Calculating Your Property Tax Bill

The tax amount you see on a listing might have nothing to do with how much your property tax bill will be after you buy the home. Here, how to crunch the numbers.

These days, real estate consumers can get all sorts of information online about a particular property -- number of beds and baths, lot size, even standardized rankings of nearby schools. Multiple Listing Service (MLS) data comes stocked with all sorts of numerical disclosures to help prospective buyers rule a property in or out at a glance.

When it comes to the property tax data in many property listings, more often than not the numbers provided have little or nothing to do with how much a buyer’s tax bill will be after they purchase the property. So while publicly available property information can be empowering, ensuring its accuracy is key.
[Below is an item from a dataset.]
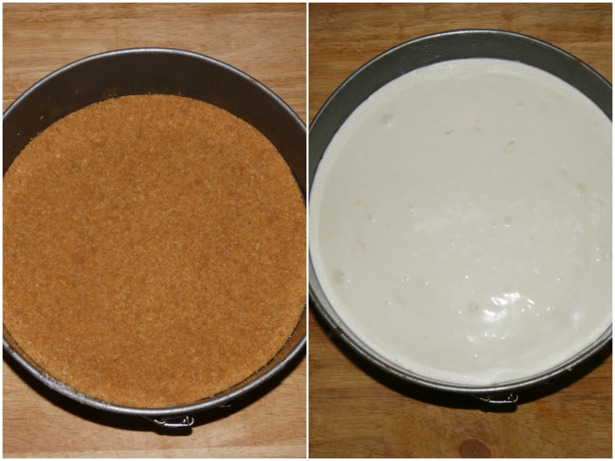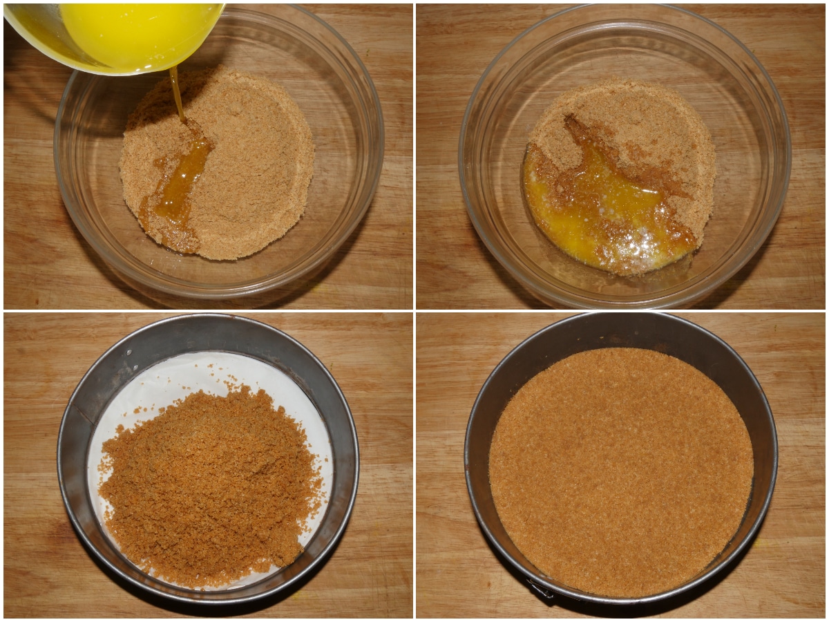 Unite il burro ai biscotti e mescolate, quindi versate il composto nello stampo (coprite il fondo con carta forno), qindi compattate bene con le mani o con il dorso di un cucchiaio, quindi riponete in frigorifero.

How Property Tax is Determined

In most areas, the property tax details in a listing summarize the current year’s property tax bill applicable to the home -- consider it strictly historical and informational. Property taxes are called ad valorem (“according to value”) taxes, and are calculated annually based on the county’s assessed value of the parcel of real property. Generally, when a home is sold, the assessed values are reset at the sales price -- the assessor considers the sales price to be a reflection of the fair market value of the home at the time of sale. However, in many areas, when a number of years or decades pass between sales, the assessed value can get out of alignment with the actual fair market value of the home. Often, this is because the property appreciates faster than state law will allow the assessor to grow the assessed value. In other instances, though, the market value of the home has depreciated below the assessed value.

If, for example, a home has been owned by one family for many years, the assessed value of the home might be significantly lower than the true market value of the home. Accordingly, the property tax amount provided in an online property listing may be much lower than the taxes a buyer on today’s market would pay. The converse is also true; many bank-owned, foreclosure listings have dropped in value since the last sale. As such, their property tax data is much higher than the eventual buyer will be billed. The accuracy of the tax amounts provided in the listing for predictive purposes depends largely on how close the previous assessed value is to the final sales price of the home.

And, just to complicate matters, the previous homeowner might have been eligible for any number of property tax exemptions and exclusions that may or may not apply to a prospective buyer. For example, if the previous owner lived in the home, and the prospective purchaser is planning to rent it out, that fact alone would cause a differential tax amount in counties offering a homeowner exemption to owner-occupants, but not to landlords.

Revising a Property's Tax Assessment

Most often, the mechanism for revising the tax bill to accurately reflect a new owner’s property taxes is called a supplemental assessment. The first tax bill issued after a transfer in ownership may still reflect the previous owners’ assessed value, exemptions and exclusions and the resulting property tax charges. In the months that follow close of escrow, the county assessor may send a second, supplemental, property tax assessment that shows the new owner’s revised tax data and charges based on the property’s most recent sale price. This supplemental assessment can either increase or decrease the new owner’s tax bill, depending on the circumstances.

Estimating the Tax on a Property You're Buying

While it does prevent the sometimes scary surprise of getting a second tax bill, knowing that a supplemental assessment is coming in the weeks and months after escrow closes does not resolve the issue of predicting what your tax bill will be before you buy. To predict your property taxes on any given home you are considering purchasing:

  1. Ask your Realtor and mortgage professional to help you research what your ad valorem tax rate will be in the areas where you are house hunting.
  2. Multiply your planned purchase price by the ad valorem tax rate. For example, if the ad valorem tax rate is 1.2 percent, and you plan to offer $220,000, multiply $220,000 by 1.2 percent to get $2,640 -- this is your approximate base property tax bill.
  3. Visit your county tax assessor’s Web site to determine if there are any direct or special assessments that apply, and add them to your base property taxes to get a more complete estimation of the amount you should plan to pay for property taxes every year. Keep in mind that this is only an estimate and doesn’t account for any changes to your area’s assessments, tax rates and laws that may happen in the future.

NOTE: To ensure compliance with requirements imposed by the IRS, we inform you that any U.S. federal tax advice contained in this communication (including any attachments) is not intended or written to be used, and cannot be used, for the purpose of (i) avoiding penalties under the Internal Revenue Code or (ii) promoting, marketing or recommending to another party any transaction or matter addressed herein. Taxpayers should seek professional advice based on their particular circumstances.